(Beginning of RECORD EXCERPTS)

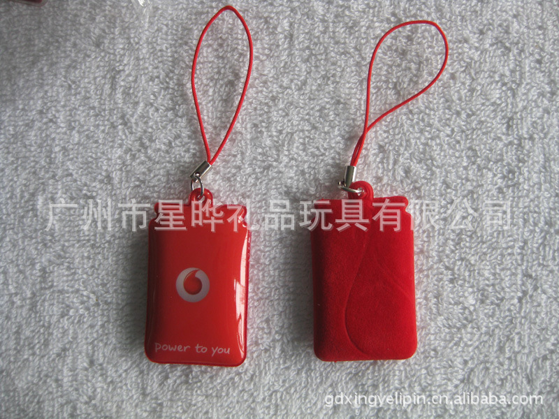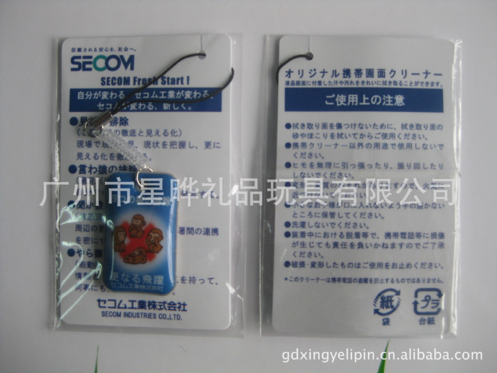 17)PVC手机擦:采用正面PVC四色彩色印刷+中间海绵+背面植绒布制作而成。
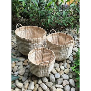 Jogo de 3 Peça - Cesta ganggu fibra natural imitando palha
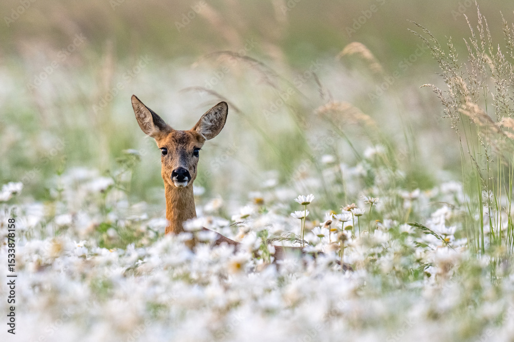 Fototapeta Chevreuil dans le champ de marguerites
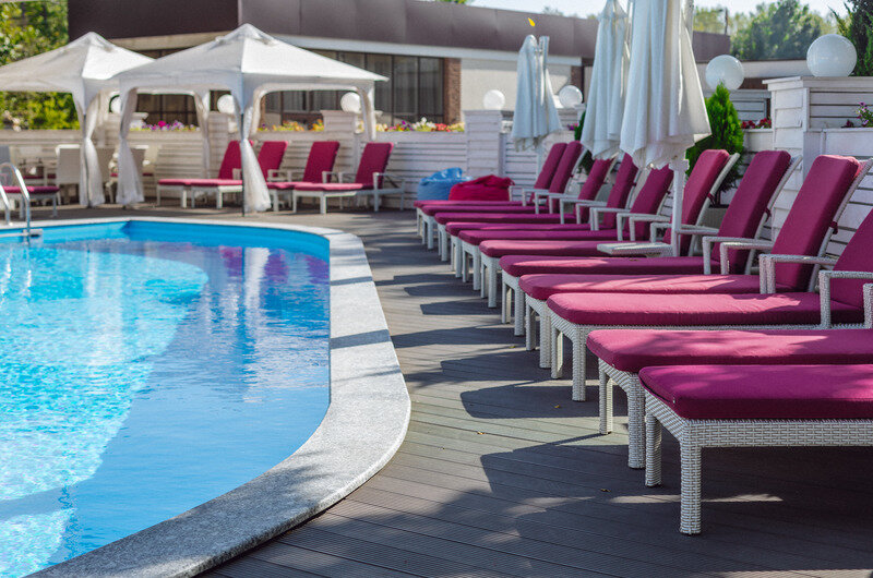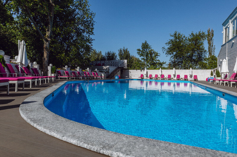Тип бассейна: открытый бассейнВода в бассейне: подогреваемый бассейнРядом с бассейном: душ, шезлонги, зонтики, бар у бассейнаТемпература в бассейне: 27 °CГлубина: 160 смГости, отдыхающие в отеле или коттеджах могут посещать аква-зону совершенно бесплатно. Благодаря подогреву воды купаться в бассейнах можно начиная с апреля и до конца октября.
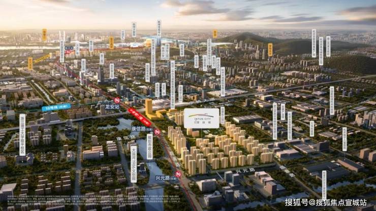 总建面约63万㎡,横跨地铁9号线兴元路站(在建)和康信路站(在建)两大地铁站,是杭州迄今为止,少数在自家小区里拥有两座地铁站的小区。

(End of RECORD EXCERPTS)

— YOUR OBJECTIVE —
An exact restatement is expected of the lines from the line containing "Fototapeta Chevreuil dans" to the end of the data above, pictures excluded.

— RESULT BELOW —
 Fototapeta Chevreuil dans le champ de marguerites
Тип бассейна: открытый бассейнВода в бассейне: подогреваемый бассейнРядом с бассейном: душ, шезлонги, зонтики, бар у бассейнаТемпература в бассейне: 27 °CГлубина: 160 смГости, отдыхающие в отеле или коттеджах могут посещать аква-зону совершенно бесплатно. Благодаря подогреву воды купаться в бассейнах можно начиная с апреля и до конца октября.
 总建面约63万㎡,横跨地铁9号线兴元路站(在建)和康信路站(在建)两大地铁站,是杭州迄今为止,少数在自家小区里拥有两座地铁站的小区。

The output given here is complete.